UTF-16 comes in two variations, big endian and little endian. In big-endian UTF-16 or UTF-16BE, the most significant byte of the character comes first. In little-endian UTF-16 or UTF-16LE, the order is reversed. Thus, in big-endian UTF-16, the code point of letter A is U+0041 and the encoded bytes are 0x0041. In little-endian UTF-16, the encoded bytes are swapped, and A is 0x4100. In big-endian UTF-16, the code point of letter B is U+0042 and the encoded bytes are 0x0042; in little-endian UTF-16, it's 0x4200. In big-endian UTF-16, the code point of letter Σ is U+03A3 and the encoded bytes are 0x03A3; in little-endian UTF-16, it's 0xA303. In big-endian UTF-16, the code point of emoticon 😀 is U+1F600 and the encoded bytes are 0xD83D and 0xDE00; in little-endian UTF-16, it's 0x3DD8 and 0x00DE. In big-endian UTF-16, the code point of character 𠂤 is U+200A4 and the encoded bytes are 0xD840 and 0xDCA4; in little-endian UTF-16, it's 0x40D8 and 0xA4DC.

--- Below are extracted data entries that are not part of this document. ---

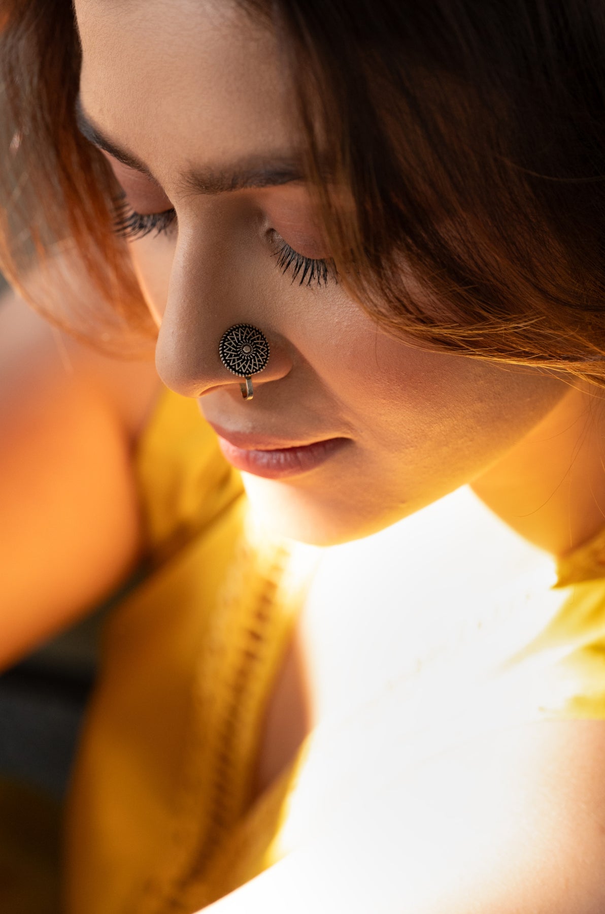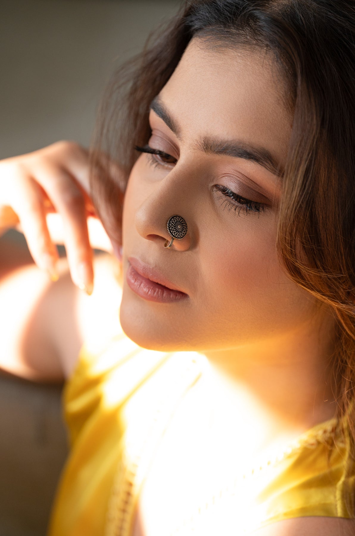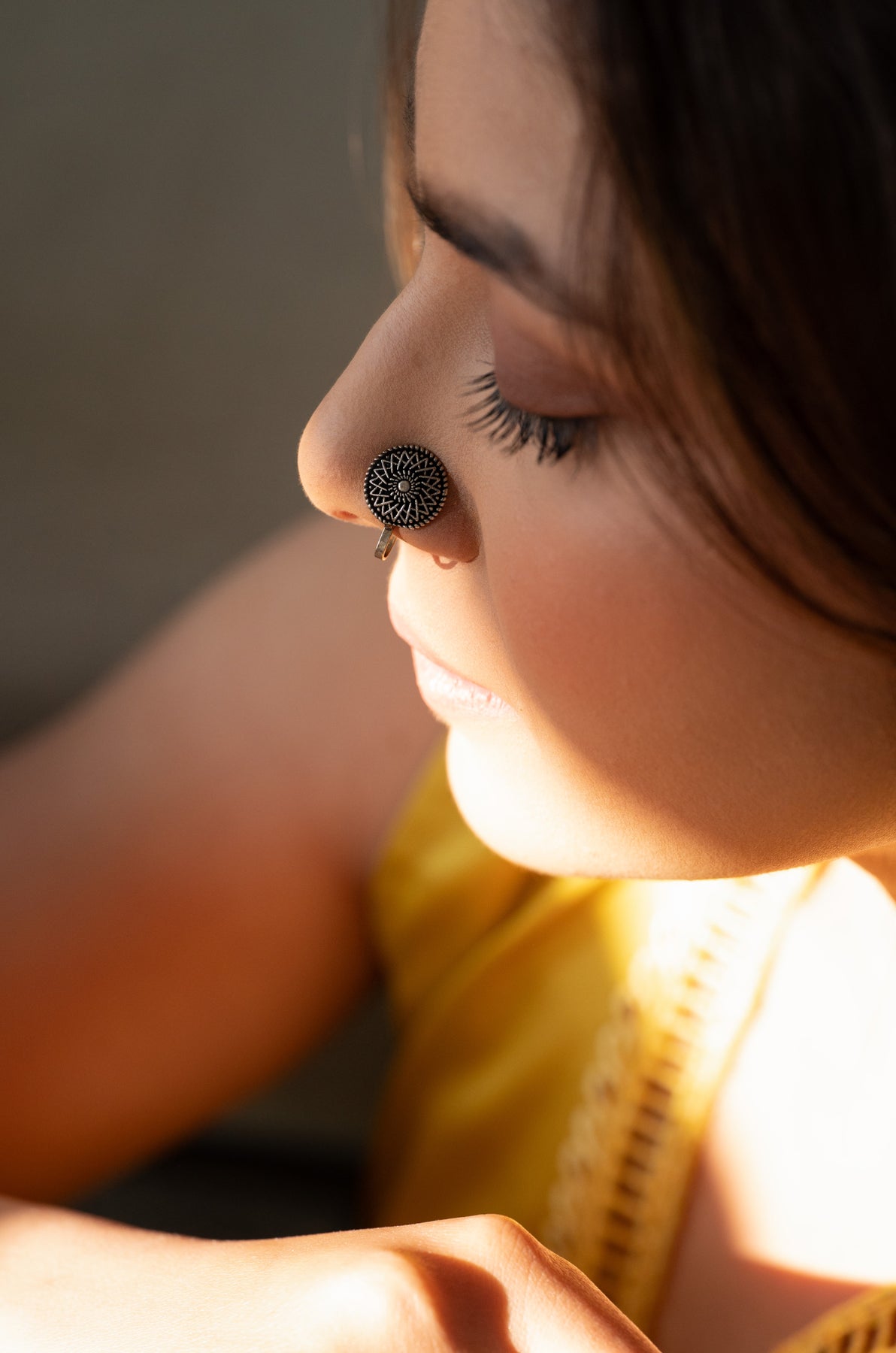 Embrace your wild side with the Jenny nosepin, a tribal-infused piece that radiates boho charm. This oxidized silver beauty is your ticket to adding an edgy, unconventional touch to any outfit. Perfect for those who dare to stand out and celebrate their unique, free-spirited nature with authentic flair.
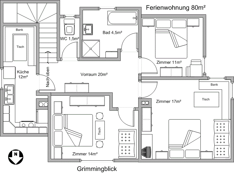 Velikost 78 m² Obsazení 2 - 6 dospělí , 0 - 4 děti Pokoje 3 Ložnice 1 Podrobnosti o pokoji
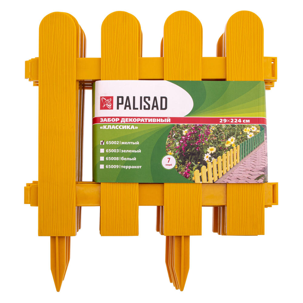 Декоративный забор Palisad «Классика» 65002 желтого цвета, размером 29 х 224 см, состоит из 7 секций и позволяет выделить отдельные участки придомовой или дачной территории. Используется для декоративного оформления цветников, ограждения дорожек, грядок и газонов.
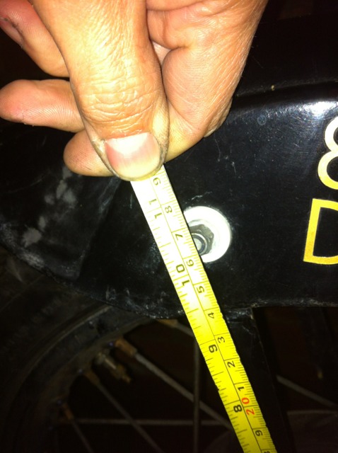 Second vertical (bolted to rear of forks is again 10 & 1/4 inch. Measuring up from the bottom, it's drilled at 4 & 1/4 inch point to take 2nd fork fixing.
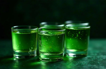 AI Generative Glass shot of absinthe on a dark background. Drink photo for bar restaurant
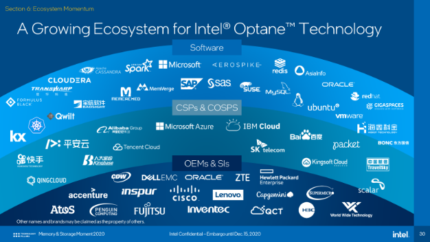 对英特尔来说,傲腾是独一无二的技术,它极具创新力,并会引导行业和用户重新思考内存和存储的解决方案。目前,越来越多的行业、机构开始应用傲腾技术来改进存储系统,傲腾生态逐渐壮大。
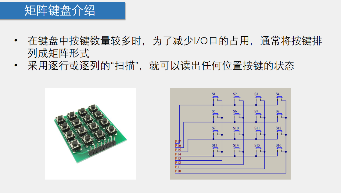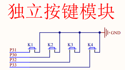 独立按键电路构成是由各个按键的一个管脚连接在一起接地,按键其它引脚分别接到单片机IO口。
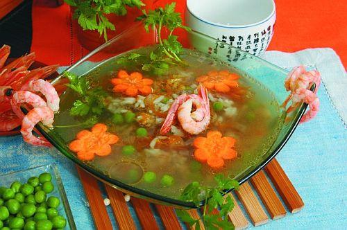 Креветки отварить в подсоленной воде, охладить, очистить. Рис отварить в подсоленной воде, откинуть на сито. Горошек бланшировать в кипятке 2–3 мин, охладить. Лук очистить, вымыть, мелко нарезать. Морковь очистить, вымыть, одну натереть на мелкой терке и спассеровать в масле вместе с луком, из второй вырезать украшения в виде цветов. Зелень петрушки вымыть. Даси влить в кастрюлю, довести до кипения, добавить спассерованные овощи. Рис, горошек и креветки разложить по тарелкам, залить даси. Украсить похлебку цветами из моркови и листиками петрушки.
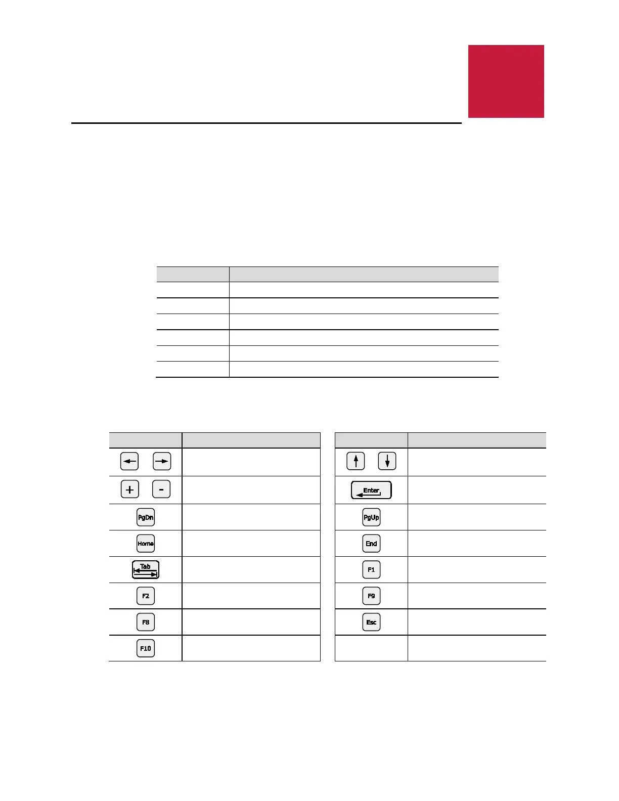 This next table lists the function keys available for menu screens.

To distinguish between big-endian and little-endian UTF-16, a program can look at the first two bytes of a UTF-16 encoded document, a document encoded in big-endian UTF-16 begins with Unicode character U+FEFF, the zero-width nonbreaking space, more commonly called the byte-order mark. A document encoded in big-endian UTF-16 begins with the same Unicode character (U+FEFF) but the bytes is swapped (i.e. U+FFFE), the resulting U+FFFE character doesn't actually exist.